■ WORK TO COMPLETE
If a line holds an image, leave the image out; write out everything else in the records exactly.

[MATERIAL SUPPLIED — start]

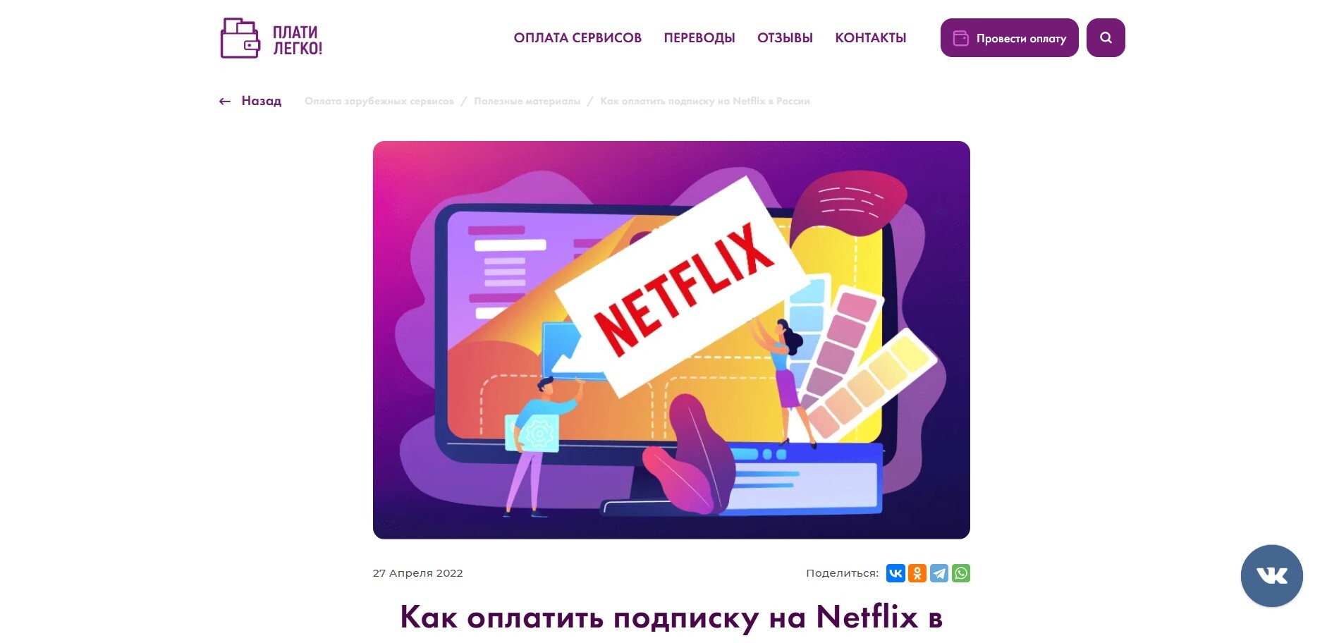 5. Плати Легко — платформа для оплаты Нетфликс подписки со скидкой
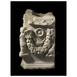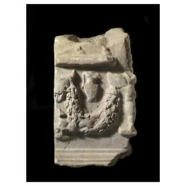 Festoni, patera e urceus sono espliciti rimandi all’uso reale d’incoronare i monumenti funerari durante le cerimonie religiose con encarpi di fiori e frutti e i richiami simbolici della decorazione sono una chiara evocazione dell’idea di una vita oltre la morte.
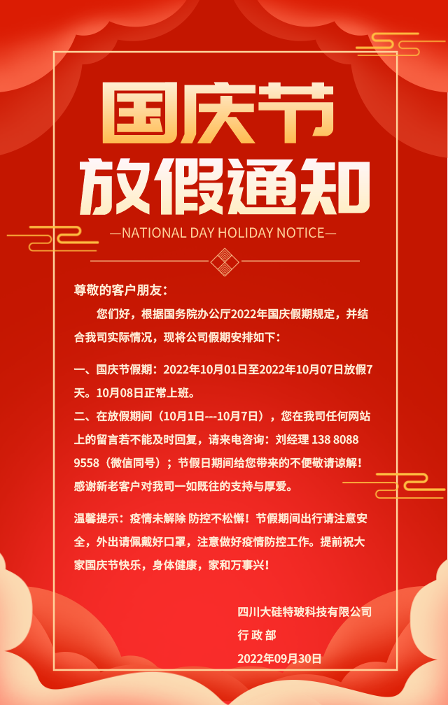 四川大硅特玻科技劉總攜公司全體員工提前祝大家國慶節(jié)快樂,生活幸福,身體健康,家和萬事興!
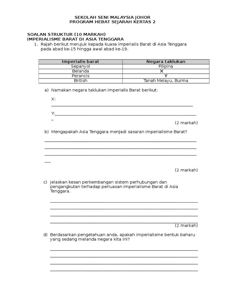 Related Posts To Soalan Esei Sejarah Imperialisme Barat Soalan Esei Sejarah Imperialisme Barat 2020-05-22T172100-0700 Rating. Koleksi Soalan Latihan Nota Modul Sejarah Tingkatan 4 Jawapan. Soalan dan jawapan prosa tradisional burung terbang dipipiskan lada.
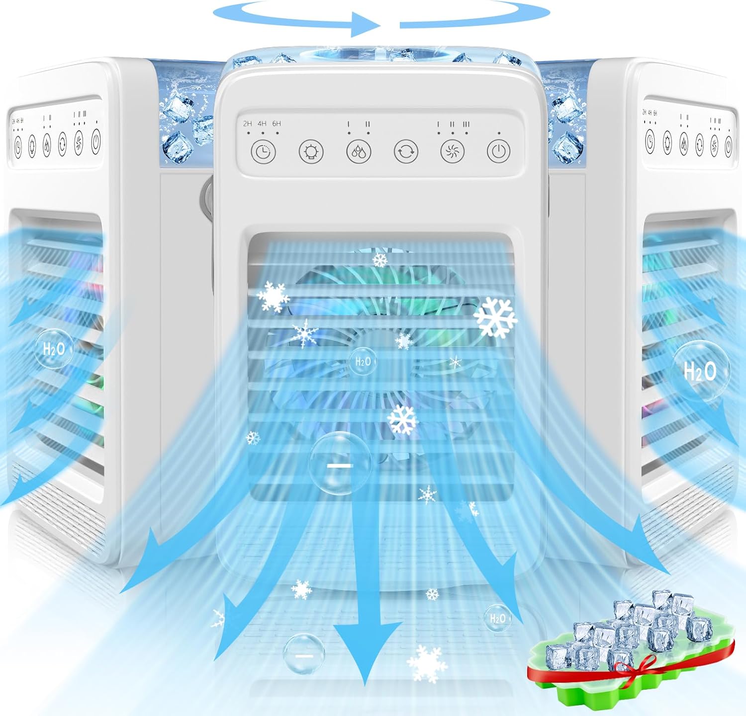 Portable Air Conditioners, Evaporative Air Cooler with Water Tank & Ice Cube Tray,180° Oscillating Small Mini AC with Timer,4 Speeds 2 Cool Mist,4 In 1 Personal Air Conditioner for Room Kitchen Office
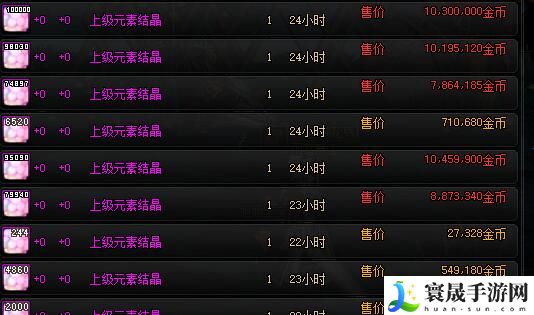 在拍卖行会售卖大量的元素结晶,前提是玩家需要拥有足够的金币才可以购买。
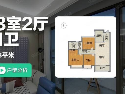 针对三口之家设计的 88㎡三房户型,得房率约 79%,空间利用率极高,以中小面积实现三房功能,性价比拉满。户型南北通透,全明设计,每一个空间都有采光窗,告别阴暗潮湿;客餐一体化设计,连接南向阳台,视觉上更显宽敞,日常家庭聚餐、亲友小聚都能从容应对;三间卧室布局合理,主卧带飘窗,两间次卧可作为儿童房、老人房或书房,满足一家三口居住需求,老人帮忙带娃、亲友暂住都有独立空间;厨房、卫生间布局紧凑,功能齐全,日常使用便捷。这款户型兼顾实用性与经济性,是三口之家改善居住的理想选择。
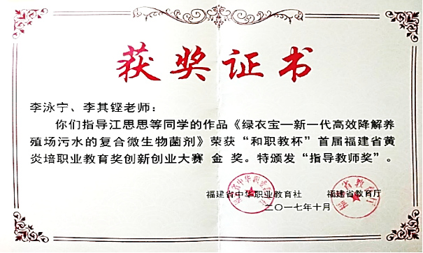 “和職教杯”首屆福建省黃炎培職業(yè)教育獎創(chuàng)新創(chuàng)業(yè)大賽高職組金獎

[MATERIAL SUPPLIED — finish]

■ SOLVED PROBLEM
 5. Плати Легко — платформа для оплаты Нетфликс подписки со скидкой
 Festoni, patera e urceus sono espliciti rimandi all’uso reale d’incoronare i monumenti funerari durante le cerimonie religiose con encarpi di fiori e frutti e i richiami simbolici della decorazione sono una chiara evocazione dell’idea di una vita oltre la morte.
 四川大硅特玻科技劉總攜公司全體員工提前祝大家國慶節(jié)快樂,生活幸福,身體健康,家和萬事興!
 Related Posts To Soalan Esei Sejarah Imperialisme Barat Soalan Esei Sejarah Imperialisme Barat 2020-05-22T172100-0700 Rating. Koleksi Soalan Latihan Nota Modul Sejarah Tingkatan 4 Jawapan. Soalan dan jawapan prosa tradisional burung terbang dipipiskan lada.
 Portable Air Conditioners, Evaporative Air Cooler with Water Tank & Ice Cube Tray,180° Oscillating Small Mini AC with Timer,4 Speeds 2 Cool Mist,4 In 1 Personal Air Conditioner for Room Kitchen Office
 在拍卖行会售卖大量的元素结晶,前提是玩家需要拥有足够的金币才可以购买。
 针对三口之家设计的 88㎡三房户型,得房率约 79%,空间利用率极高,以中小面积实现三房功能,性价比拉满。户型南北通透,全明设计,每一个空间都有采光窗,告别阴暗潮湿;客餐一体化设计,连接南向阳台,视觉上更显宽敞,日常家庭聚餐、亲友小聚都能从容应对;三间卧室布局合理,主卧带飘窗,两间次卧可作为儿童房、老人房或书房,满足一家三口居住需求,老人帮忙带娃、亲友暂住都有独立空间;厨房、卫生间布局紧凑,功能齐全,日常使用便捷。这款户型兼顾实用性与经济性,是三口之家改善居住的理想选择。
 “和職教杯”首屆福建省黃炎培職業(yè)教育獎創(chuàng)新創(chuàng)業(yè)大賽高職組金獎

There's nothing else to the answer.